Anyone familiar with UiBinder will recognize the pattern I've used for the "activator":

Extend an interface with no methods

interface MyActivator extends ElementActivator<MyWidget> {}

GWT.create() an instance of that interface

private static MyActivator activator = GWT.create(MyActivator.class);

Then use it to initialize your widget

setElement(activator.activate(this, anElement));

The nice thing about this is we can automatically bind as many widgets as we like onto various sites within the inner-html of our current widget's element. It doesn't mess with the structure (unless you explicitly do so after the binding is done for you), and you can have as much other html within the elements as you like - it will just be left alone, which gives your designers the flexibility to change the layout quite a lot without necessarily needing to re-compile your GWT code.

Currently I have my generator set up to allow your widgets to bind to a choice of tag-name or css-class or both, for example:

// bind to the first <div> found by breadth-first search of child elements
@RuntimeUiField(tag="div") Label label;

// bind to first element with class="my-widget" found by breadth-first search
@RuntimeUiField(cssClass="my-widget") Label label;

// bind to first <div> with class="my-widget" found by breadth-first search
@RuntimeUiField(tag="div", cssClass="my-widget") Label label;

Notice in my examples so far I'm binding standard GWT widgets onto the nested elements.
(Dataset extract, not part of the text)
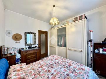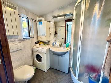 La zona notte è composta da due camere da letto di generose dimensioni, ideali sia per una famiglia sia per ospitare amici. Il bagno finestrato, completo di box doccia, garantisce luminosità e comfort.

This works for the elements I've used in these examples because they all have a

public static Type wrap(Element anElement)

method which allows those widgets to be bound onto elements that are already attached to the DOM.

It is also possible to bind widgets of your own making in one of two ways:

Create a wrap method like

public static MyWidget wrap(Element anElement)

Create a single-argument public Constructor that accepts an Element as its argument.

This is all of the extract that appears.